Text-to-character blendshapes (T2Bs) is capable of creating animatable blendshapes to synthesize diverse expressions of a virtual character generated solely from text prompts. We show the geometry of sample eigen expressions of 4 characters in the following videos.
We demonstrate demos of the first 10 eigen expressions of sample virtual character models as vidualized in the following video. Note that for later model evaluation and retargeting we use 100 eigen expressions.
A robust statistical expression model should effectively generalize to new data while remaining closely aligned with the specific object it represents. We fit the T2Bs model to captures outside the model’s training set. We compared the rendered Gaussians and the mesh geometry and calculate the error shown in the following. For each identity, the first column is model fitting, the second column is a held-out video capture, and the third column are image-space and object-space reconstruction error map. The color scale from blue to yellow represents the RGB error, ranging from 0 to 0.5, while the scale from green to red denotes the 3D point-to-point error, ranging from 0 to 1/500 of the bounding box size. The bounding box size is approximately the maximum possible distance within the geometry. The learned blendshape can faithfully reconstruct meshes with held-out expressions.
We further show the expressiveness of our model by adding a simple landmark-base retargeting approach, in which we align the human (FLAME) landmarks with 20 anotated animal landmarks on eyes and mouth regions. We show both the retargeting results with the eigen expressions of a human model (FLAME), and with the real facial capture from videos.

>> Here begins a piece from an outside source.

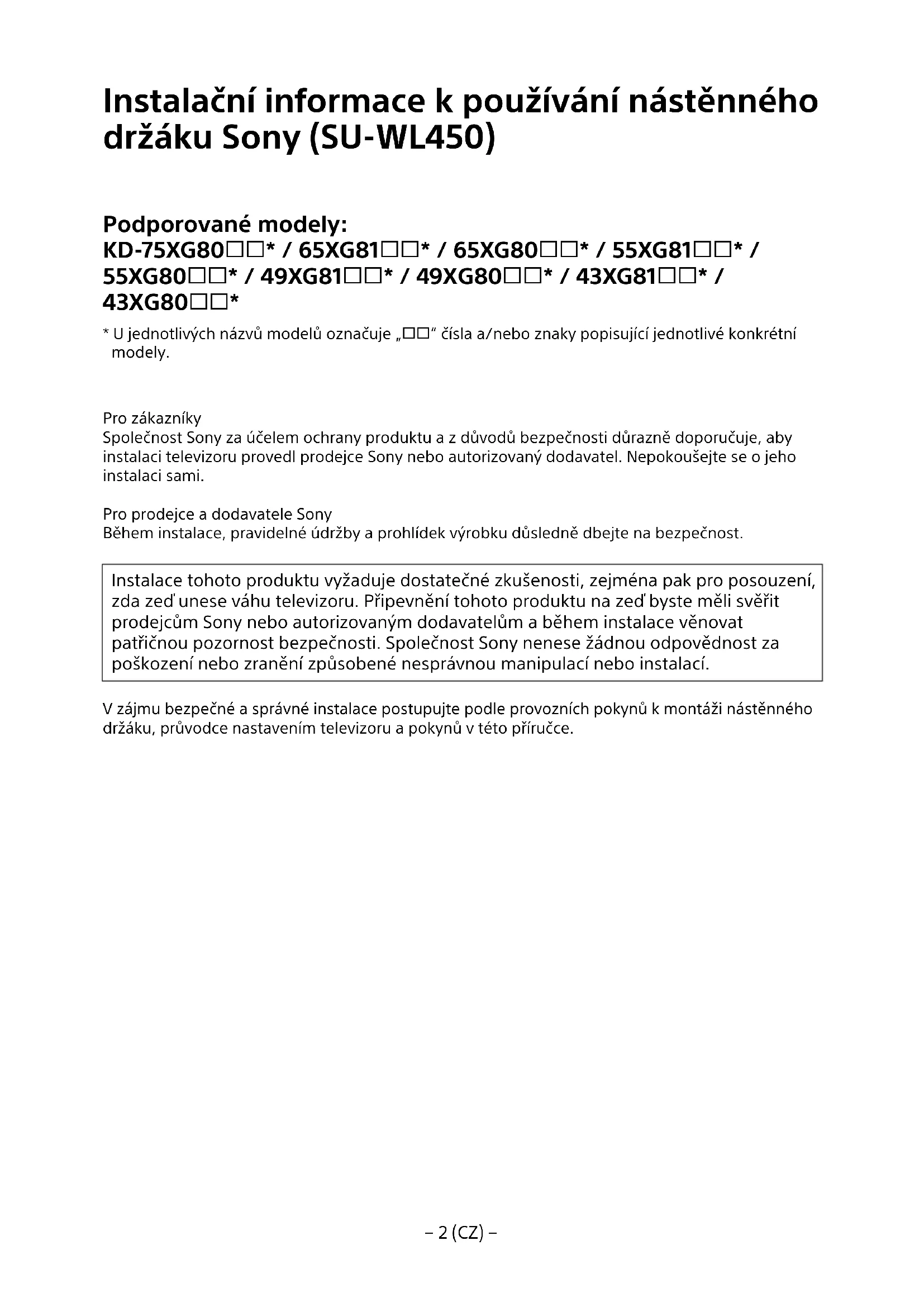 Nasledujici pouny jsou urceny pouze pro prodejce spolecnosti Sony.Proctete siVyse uvedene pouny a behem montaze,udrzby a kontroy tohoto produktu venujte zvysenou pozornost bezpecnosti.

Qualitative comparison of 4D generation methods. We compare the 4D generation results of our method with DreamGaussian4D (DG4D) [38], SV4D [64], and 4Real-Video [53]. All methods take a monocular video as input. In addition, DG4D incorporates our accurate static Gaussian representation, whereas SV4D and 4Real-Video rely on freeze-time renderings. Our method takes the results of 4Real-Video as input and further enhances the novel view synthesis. Notably, none of the baseline methods produce high-quality 3D geometry, whereas ours does. Viewpoints are displayed at ±60 degrees relative to the original perspective (frontal view) used for generating the monocular video. We also show the rendering of the static mesh from the same viewpoint as 'static reference'. Among all methods, our approach achieves the most visually consistent and appealing results.

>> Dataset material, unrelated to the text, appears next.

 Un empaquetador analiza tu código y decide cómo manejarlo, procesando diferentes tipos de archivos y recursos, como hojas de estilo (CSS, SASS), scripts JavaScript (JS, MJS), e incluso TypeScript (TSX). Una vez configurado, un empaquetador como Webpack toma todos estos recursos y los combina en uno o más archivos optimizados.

A qualitative comparison between VCDGS with and without camera view information as input. The model without view dependency produces noticeable artifacts, as it struggles to regress into a coherent geometry from 3D inconsistencies across views in multiview videos during the 4D generation process.
We optimize VCDGS using multiple videos generated by 4Real-video. To evaluate its effectiveness, we conduct an ablation study using relatively lower-quality 4D videos as guidance. Specifically, we train VCDGS on the output of SV4D while keeping all other experimental settings unchanged. Figure~\ref{fig:sv4d} demonstrates the improvements achieved by incorporating VCDGS into SV4D. In our application, SV4D tends to produce blurry novel views. Our model not only remains robust to blurry inputs but also generates high-quality renderings with well-defined geometry.
We use pre-define control points from static asset rather than jointly optimizing them with all expression videos for scalability. This allowing new expression videos to be incorporated without requiring re-optimization of previously processed videos. This modular approach avoids the need for computationally expensive joint optimization across an ever-growing dataset. We use 2000 control points by uniformly sample the static mesh. We show parameter analysis on the the number of control points in figure X. 2000 control points captures fine-grained motions, such as tongue (1st row) and eyelid (2nd row) movements, better than 200, 500, or 1000 joints.